** Opening Dataset entries block **

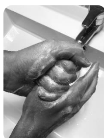
6 Autour et dessus des pouces
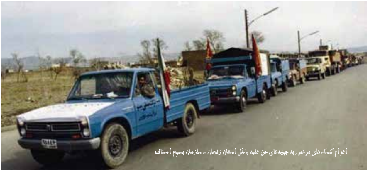
اعزام کمک‌های مردمی به جبهه‌های حق علیه باطل استخوان زنجان - بازارمان پستیچ اصناف
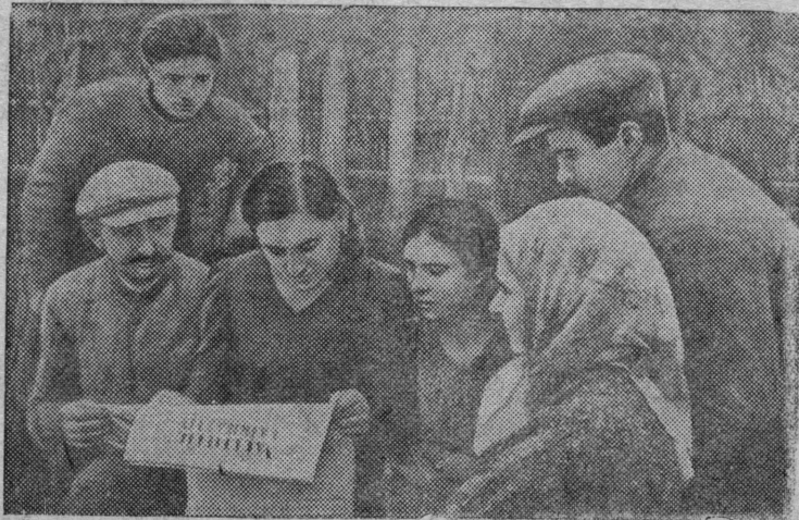
Крестьяне деревни Кармелово (Пет.ашунской волости, Каунасского уезда) читают газету на родном литовском языке.
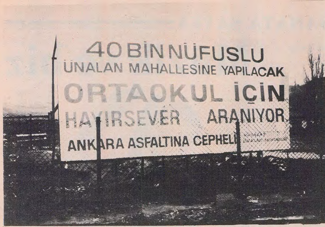
Bu fotoğrafı en başta devlet büyüklerimiz, onlardan sonra da sayın MEGS Bakanımız Hasan Celal Güzel'e hitaben yayınlıyoruz. Türkiyemiz'de eğitim ve öğretimin gerçekte ne durumda olduğunu gösterebilmek için yayınlıyoruz.
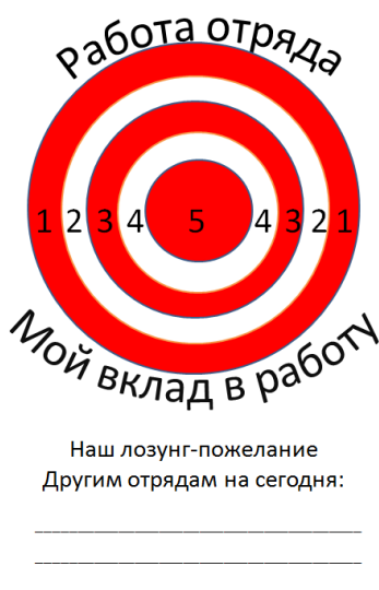
Рис. 1. Бланк ежедневного анализа деятельности

Каждый день в трудовом лагере подводятся итоги, составляются планы. Обучающиеся оценивают свой вклад (отмечают на мишени), говорят пожелания своему отряду и отрядам города.
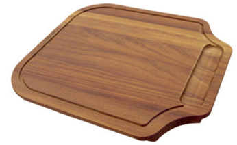
Tabla de corte de madera Iroko
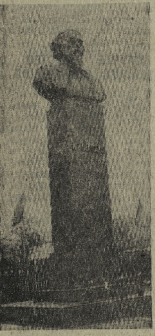
На родине Н. А. Некрасова в г. Немирове (Винницкая область) в связи со значительной датой состоялось торжественное открытие памятника великому русскому поэту.
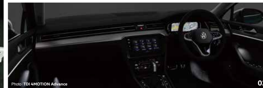
Photo: TDI 4MOTION Advance

*: ラゲージスペースの容量はVDA (ドイツ自動車工業会)方式による。( )内は後席を倒した場合。
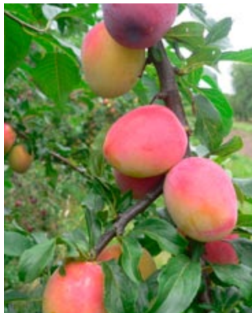
'Komet' er en ny mirabellesort, som både er et prydt træ og har velsmagende mirabeller.

abrikos og frugtkødet slipper stenen let. Velegnet til syltning som hele frugter.
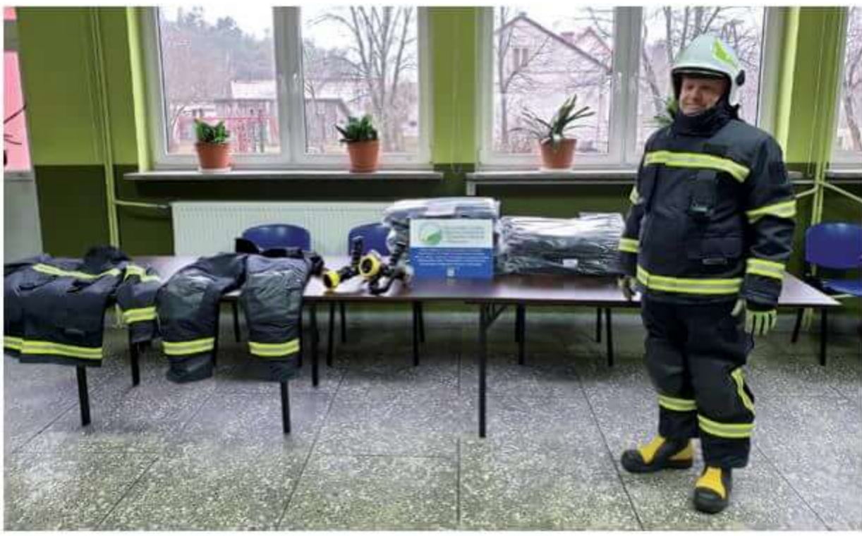
Sprzęt zakupiony dla naszej jednostki dzięki wsparciu Wojewódzkiego Funduszu Ochrony Środowiska i Gospodarki Wodnej w Warszawie.

gdzie zaprezentowali sprzęt jaki znajduje się na wyposażeniu jednostki. We wrześniu jednostka OSP Boguty-Pianki brała udział w XI Powiatowych Zawodach Sportowo-Pożarniczych, w których zajęła V miejsce na dziesięć drużyn startujących. Również we wrześniu strażacy pomagali w organizacji i zabezpieczeniu festynu „Spotkanie pod wiatrakiem” w Drewnowie-Ziemkach. W listopadzie strażacy uczestniczyli we Mszy Świętej za zmarłych strażaków z powiatu ostrowskiego, której gospodarzem była parafia Andrzejewo.
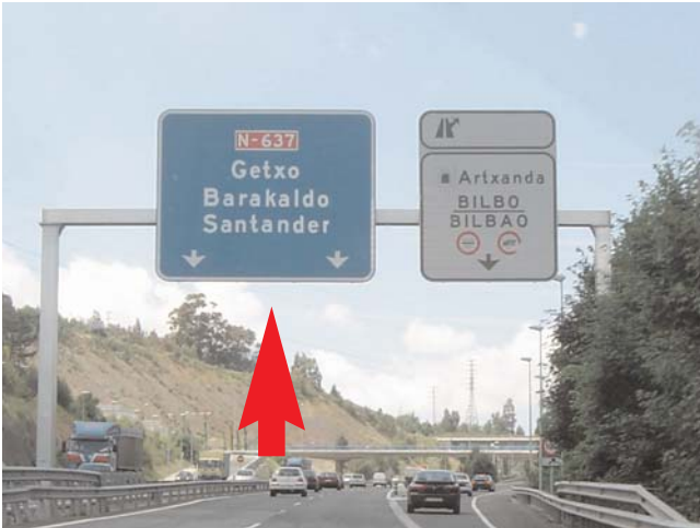
Seguimos la dirección Getxo - Barakaldo - Santander hasta... Keep on going destination Getxo - Barakaldo - Santander till...
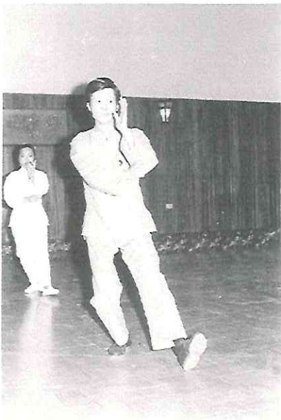
Estudio del pasado del Maestro.
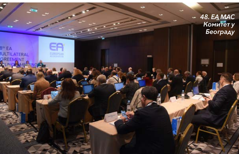
48. ЕА MAC Комитет у Београду
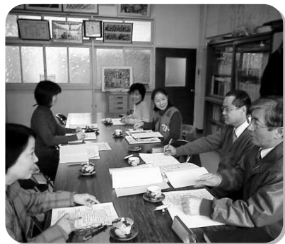
学校・子育てサポーターリーダー・サポーターとの情報交換会

等を訪問し支援しています。 ○福祉部局と協力し保護者に対して就学援助制度等の説明、支援を行います。 ○自作のパンフレットを作成し、子育ての方法等を保護者に伝えます。 ○不登校傾向のある児童宅に毎朝迎えに行き一緒に登校しています。 ○活動日誌、家庭別支援状況記録等を作成しています。 (3) 学習機会の提供 ○小学校参観日の学級懇談時に、子育てサポーターリーダーが「家庭教育のあり方」というテーマで講話を行いました。 3. 成果と課題 (1) 成果 ○リーフレットを配ったことが話題提起となり、戸別訪問がしやすくなりました。 ○子育てサポーターリーダーは学校内にいるため子ども様子がつかめ、担任と情報共有ができ、子育てサポーターは主任児童委員で地域からの情報が入り、家庭への細かな支援が行えます。 ○懇談会後に早速母親からの相談を受けるなど、まずは事業の趣旨やチームの活動を啓発することが第1だと感じました。 ○継続的な関わりの中で、不登校気味だっ
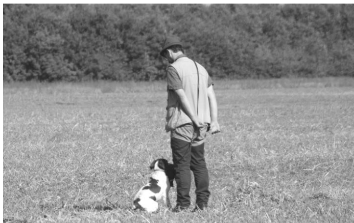
Grannus z Taranky (EB)
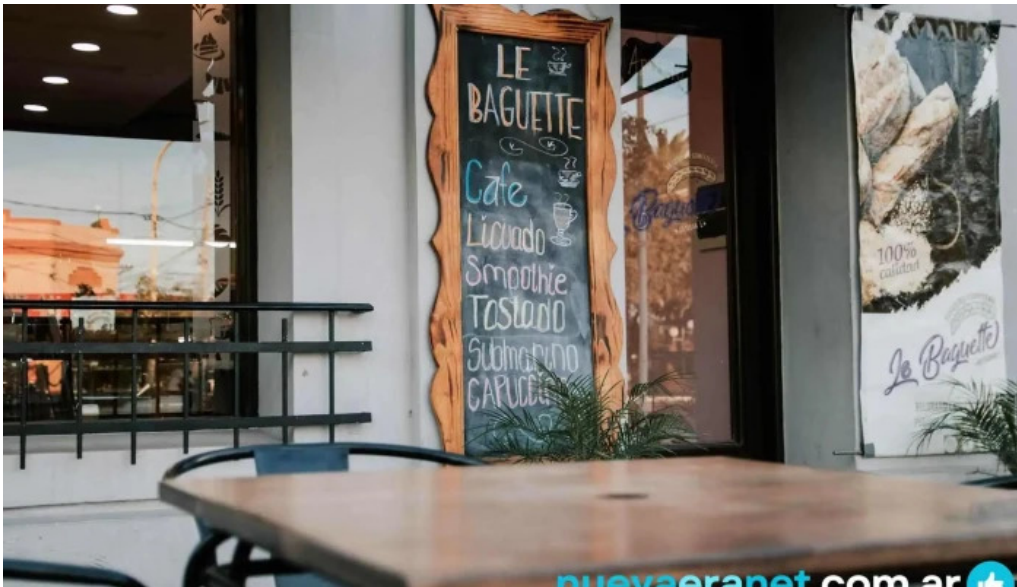
Le baguette carta
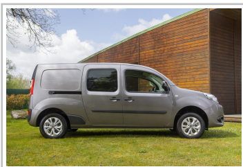
Nissan NV250 L2 Kastenwagen.
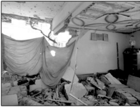
صورة لإحدى المنازل التي تم قصفها
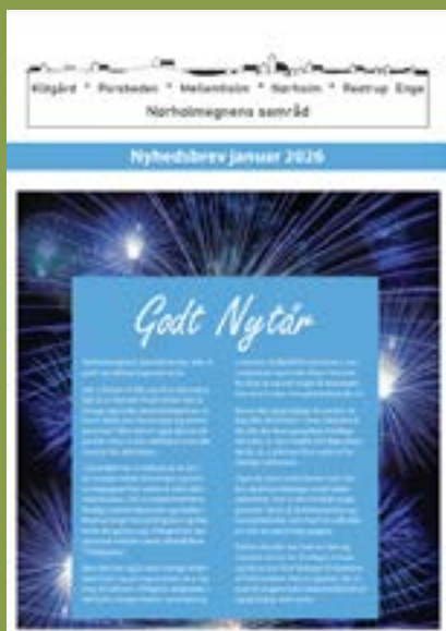
Tidligere udgivelser i 2026

I kan se hjemmesiden på www.borgernyt.dk
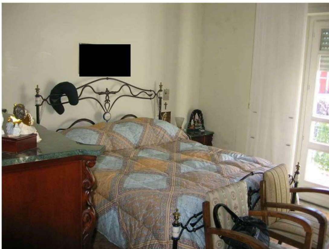
camera piano primo
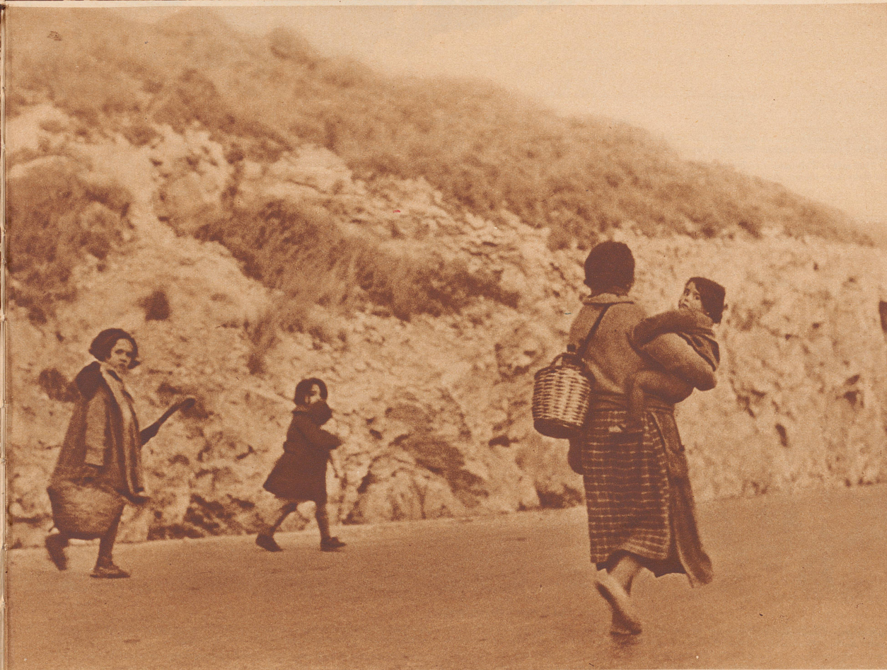
Eine Mutter auf der Flucht mit ihren Kindern.

Une paysanne tient son fils par la main. Derrière ce couple, marche la dactylo du président de commune d'une petite ville catalane dont tout l'avoit tenu dans une petite corbeille.
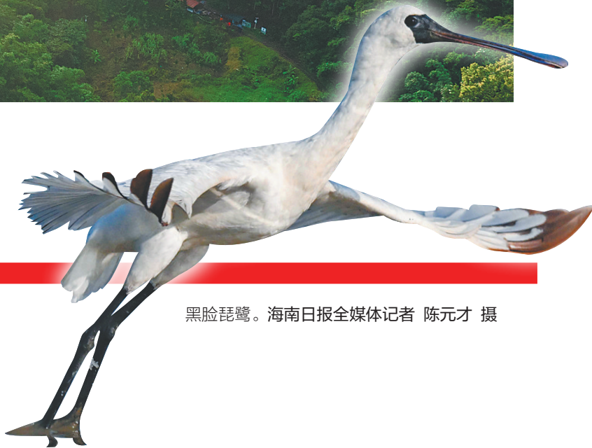
黑脸琵鹭。
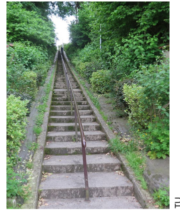
Gwenaël Couïc - 24 juin 19:36

visons également le marché alimentaire.» Outre les cuves de conservation, cryopal installe également des salles cryogéniques clefs en main et en assure la maintenance. «Nos clients sont des laboratoires et des biobanques qui ne veulent pas avoir à gérer cet équipement. Ils veulent simplement être certains que la température est parfaitement stable.» Alors, Cryopal a fait breveter un système de télésurveillance. «Ce sera une preuve pour les chercheurs que les produits servant de bases à leurs analyses n'auront pas été affectés par la moindre variation de température.» Cryopal y voit aussi un axe de développement de son activité dans la télésurveillance et la télémédecine.
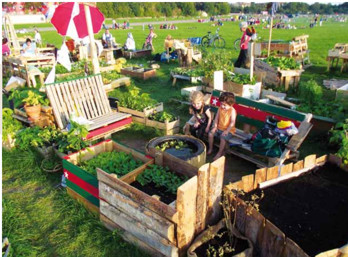
Diseño de jardines en Allmende-Kontor, Berlín
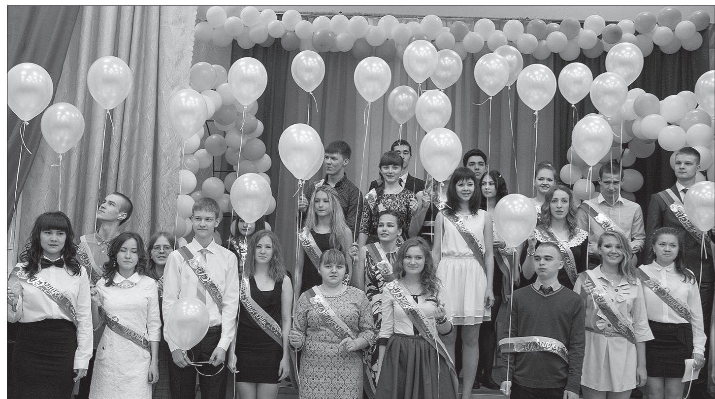
Выпускников чествовала вся школа.

В школах города прозвенел последний звонок. Для выпускников открыты двери во взрослую жизнь. Пусть она, напутствовали педагоги на праздничных линейках, будет светлой и счастливой.
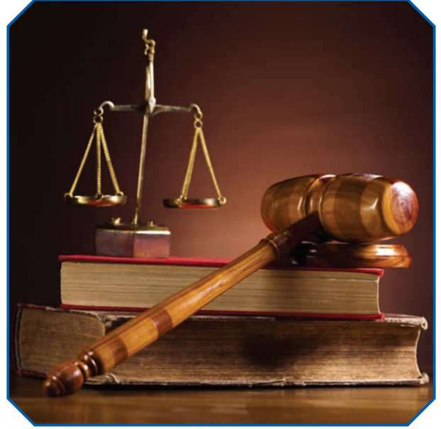
Görsel 30 Adalet mülkün temelidir.

Bireyin içinde yaşadığı toplumda kendi hak ve sorumluluklarının gereğini yerine getirebilmesi, insanlar arasındaki ilişkileri düzenleyen kurallar sayesinde mümkündür. Bu kurallar bireyleri koruyan, eşitlikçi ve adil nitelikte olmalıdır. İnsanlar arası anlaşmazlıklarda, sorunun çözümü için bireysel kanaatler veya yöntemler değil, hukuki yollar kullanılmalıdır. Örneğin Hz. Peygamber, yaşadığı toplumun yanlış bir uygulaması olan kan davalarını kaldırmıştır. Kan davalarının yasaklanmasının muhtelif sebepleri olmakla beraber, temelde bireylerce gerçekleştirilen kanunsuz cezalandırmanın önüne geçilmek amaçlanmıştır.
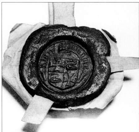
Obr. č. 25
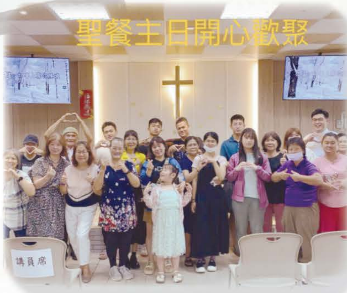
聖餐主日開心歡聚
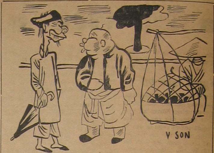
XỆ XÀ — Sao họ bán bánh rán lại phải che cái lưới sắt ra ngoài thế nhỉ bác Lý ? LÝ-TOET. — Sao bác ngờ ngẩn thế, để họ che vì trùng chửi sao ?

Đó có lẽ là một dấu vết xưa còn lại, và có thể chứng rằng tiếng « hắn »
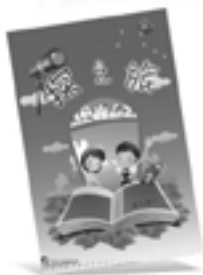
探之旅-少年圣经函授课
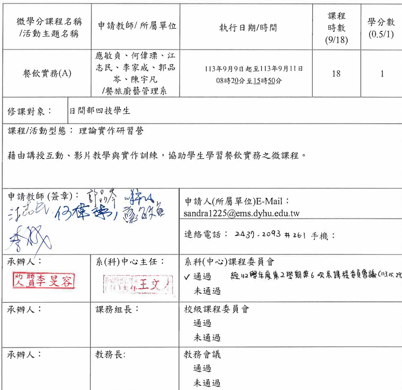
附表1：基本資料(開課教師填寫)
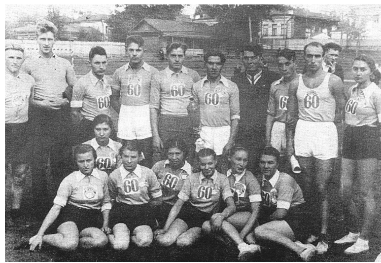
Бегуны спортивного общества «Большевик» побеждали в общекомандном зачете в 1949-1950-х годах, завоевывая переходящий приз редакции газеты «Ульяновская правда».
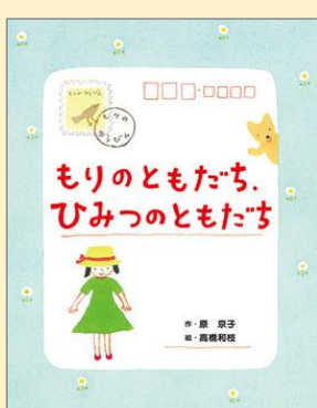
『もりのともだち、ひみつのともだち』 原 京子／作 高橋 和枝／絵 (ポプラ社)

ナナちゃんのお向かいのうちのおばあさん、モモコさんは、自分は300歳の「まじよ」だといひます。ほんとかな？ ナナちゃんは興味津々で…。お年寄りと子どもの交流を描いた、心あたたまる楽しいお話です。
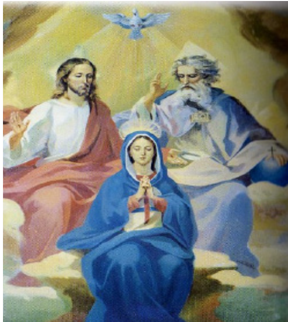
María y la Santísima Trinidad
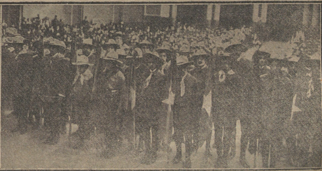
LOS EXPLORADORES DE ESPAÑA en el Palacio de Bellas Artes, de Barcelona, con las banderas de las distintas secciones. Desfile por el Parque de los 800 «boy-scouts», con los nuevos escudos.
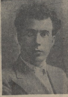
ა.ს. დვალა, აფხაზეთის ასსრ უმაღლესი საბჭოს პრეზიდიუმის თავმჯდომარე
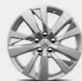
17-дюймовый литой диск CHICAGO

Подчеркните основную идею дизайна. Выберите из двух дизайнов дисков диаметром 17 дюймов или 18 дюймов с алмазным напылением.
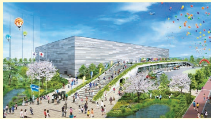
福岡市総合体育館完成予想図

福岡県庁横にある市民体育館は老朽化のためアイランドシティ内に福岡市総合体育館として生まれ変わります。新しい総合体育館は4階建て。メインアリーナだけを見ても市民体育館の2倍以上、バレーボールだと4面、一般の卓球だと48面もとれる広さですから驚きです。観客席も約1.5倍の5000席。ほかにサブアリーナ、武道場、弓道場、多目的室など。熱戦を繰り広げるアスリートたちの熱い息づかいが聞こえてきそうです。
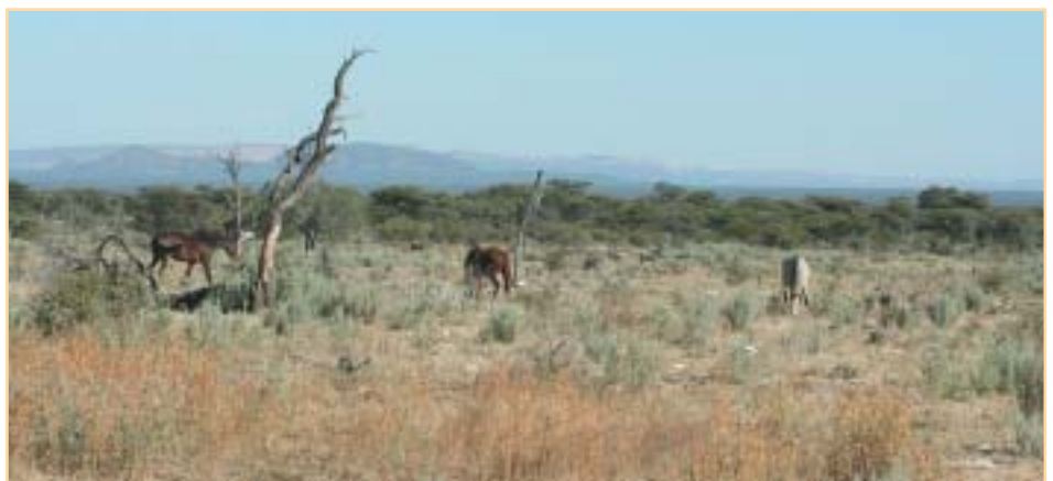
Výběh 80 km 2

** Closing Dataset entries block **

- What to produce
Up to and including the line containing "abrikos og frugtkødet", quote each line of the entries above from the very first, please, exactly and without images.

- Response below
6 Autour et dessus des pouces
اعزام کمک‌های مردمی به جبهه‌های حق علیه باطل استخوان زنجان - بازارمان پستیچ اصناف
Крестьяне деревни Кармелово (Пет.ашунской волости, Каунасского уезда) читают газету на родном литовском языке.
Bu fotoğrafı en başta devlet büyüklerimiz, onlardan sonra da sayın MEGS Bakanımız Hasan Celal Güzel'e hitaben yayınlıyoruz. Türkiyemiz'de eğitim ve öğretimin gerçekte ne durumda olduğunu gösterebilmek için yayınlıyoruz.
Рис. 1. Бланк ежедневного анализа деятельности

Каждый день в трудовом лагере подводятся итоги, составляются планы. Обучающиеся оценивают свой вклад (отмечают на мишени), говорят пожелания своему отряду и отрядам города.
Tabla de corte de madera Iroko
На родине Н. А. Некрасова в г. Немирове (Винницкая область) в связи со значительной датой состоялось торжественное открытие памятника великому русскому поэту.
Photo: TDI 4MOTION Advance

*: ラゲージスペースの容量はVDA (ドイツ自動車工業会)方式による。( )内は後席を倒した場合。
'Komet' er en ny mirabellesort, som både er et prydt træ og har velsmagende mirabeller.

abrikos og frugtkødet slipper stenen let. Velegnet til syltning som hele frugter.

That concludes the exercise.